Выход был один, но такой, озвучивать который опасались мы оба.

Решилась все же я, как лицо безответственное, то есть не отвечающее ни за что:

– Пока Тютелькин найдет Павлинову, Лиза должна заменить ее во всем!

– Но это…

– У вас есть другой выход?

– Сможет ли?

Поразмышляв несколько мгновений, я кивнула:

– Она возле Павлиновой все время, тексты песен знает, поет хорошо. А отрывки из спектаклей… Нужно посмотреть, что можно сделать. Поговорите с Лизой, а я с Гваделуповым и остальными.

Так началась основная часть нашей аферы по замещению Павлиновой. Мы хотели как лучше. Во-первых, зрители ждали встречи с народной артисткой, во-вторых, почему бы Любовь Петровна ни отстала, пропуск выступления мог для нее плохо закончиться, обвинение в нарушении трудовой дисциплины и выговор – самое малое, что Павлиновой грозило. Конечно, уволить ее никто не решился бы, но неприятностей не оберешься.

Все понимали, что неприятности у Примы будут обязательно, но хотя бы срыва концерта удастся не допустить. Знать бы нам тогда, к чему все это приведет и что произошло в действительности!
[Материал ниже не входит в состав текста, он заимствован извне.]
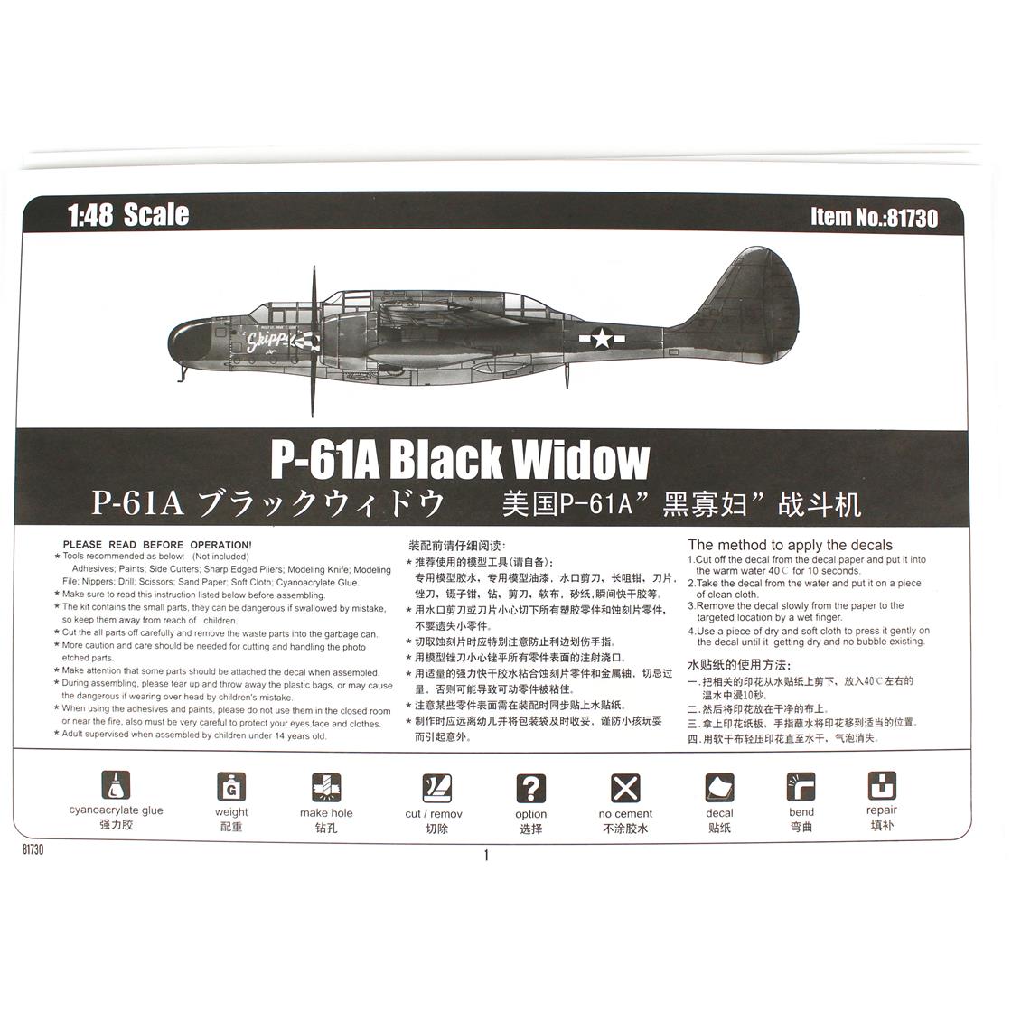 Kutu içerisinde 1/48 P-61A Black Widow Savaş Uçağı Maketi, montaj talimatları, kokpit detayları, motor bileşenleri, radar sistemi ve renk şeması yer alır. Boyama ve montaj talimatları ile özelleştirme imkanı sunulur.

Дворец культуры в Гадюкино имел право так именоваться, если его сравнивать с тарасюковским.

В Тарасюках культура размещалась в бывшем доме купца Поросятникова. Не купец был, а так, купчишка, потому и одноэтажный дом не лучше. Зрительный зал размещался в бывшей «бальной зале», которая больше напоминала конюшню с разрушенными стойлами. Сцена, сооруженная наспех с расчетом переделать позже, ждала переделки уже лет десять и скрипела при каждом шаге артистов, иногда заглушая голоса.
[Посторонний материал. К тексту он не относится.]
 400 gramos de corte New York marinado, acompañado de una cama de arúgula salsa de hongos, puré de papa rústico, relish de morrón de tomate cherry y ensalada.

Гадюкино куда крупней, и Дворец культуры в нем помещался в «барском доме» с колоннами и пятью широкими ступенями ко входу. Когда-то слева и справа подле ступней сидели львы, больше похожие на разъевшихся котов, но в волнах революции и НЭПа один из львов утонул, а второй валялся в кустах по соседству без малейших шансов вернуться на свой пост. Гадюкинцы больше любили белых лебедей с картин Суриковича, чем жирных котов, которых и по домам пруд пруди.

Барским двухэтажный особнячок не был никогда, он тоже принадлежал местному купцу, но купец тот был зажиточным и все делал с размахом. Садков, как именовался владелец половины Гадюкино, утверждал, что его предок – сам Садко из «ентой спиктакли», мол, потому и хватка такая. Про кого попало в столицах песни со сцены распевать не станут.
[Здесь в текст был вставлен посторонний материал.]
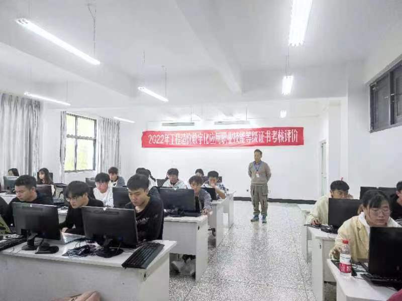 2022年10月23日上午9:00—12:00,全国“2022年1+X工程造价数字化应用职业能力等级(初级)考试”在我校明尚楼C503和C504教室举行,工程造价专业2020级76名学生参加了此次认证考试。澳门信誉最好十大平台副院长罗启钟、教师王绮滢、辅导员许丽娟、丁璨、杨轲在考评现场监考。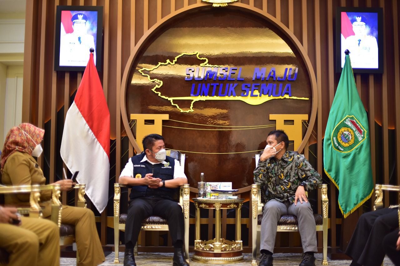 PALEMBANG BARU, PALEMBANG – Mengawali agenda kerjanya Senin (20/9) pagi, Gubernur Sumsel Herman Deru menerima audiensi Perwakilan SKK Migas Wilayah Sumbagsel Anggono Mahendrawan dan Direktur Pertamina Hulu Rokan (PHR) Jafee Arizon Suardin serta jajaran di ruang tamunya. Audiensi ini bertujuan meningkatkan koordinasi dan sinergi kegiatan hulu migas di Sumsel.

Гадюкинцы с уважением относились к родословной Садкова, но еще больше к его богатству – купец и впрямь владел половиной городка, это он вложил средства в пристань, гонял по Волге множество пароходов и поставил огромные, ныне рухнувшие склады. Садков даже вознамерился переименовать Гадюкино в Садковск, но не успел – грянула советская власть. Не зря купец славился своей хваткой, он не стал бежать, как все, а спокойно распродал свое имущество, прихватив немалый куш и чужого, и только после этого исчез, оставив лишь постройки и смутные воспоминания о тороватости.

Когда местные любители чужого уверовали, что Садков исчез если не навсегда, то надолго, и решили, что его владения пора грабить, обнаружилось, что грабить нечего.

– Все ограблено до нас, – развел руками заводила.

Он ошибался: ограбления не было, Садков лично вывез из своих складов и из особнячка все ценное. Кое-что позже обнаружилось в домах зажиточных гадюкинцев, но те клялись, что купили шедевр у Нила Егорыча за два рублика с полтиной золотом (или иную сумму в зависимости от ценности вещи).

Все верно, для уезжавшего Садкова золотые монеты были важней гипсовых упитанных уродцев, изображавших мраморных купидонов, или картины «Взятие Бастилии», на которой сама Бастилия, почему-то со средневековыми башенками и развевающимися флажками, была далеко на заднем плане, а на переднем присутствовала знаменитая Свобода со знаменем в руке и обнаженной грудью. Местный дьячок, видя эту Свободу, неизменно плевался и крестился, а когда никого рядом не было, осторожно тыкал ей в грудь крючковатым пальцем, словно убеждаясь, что женщина нарисована.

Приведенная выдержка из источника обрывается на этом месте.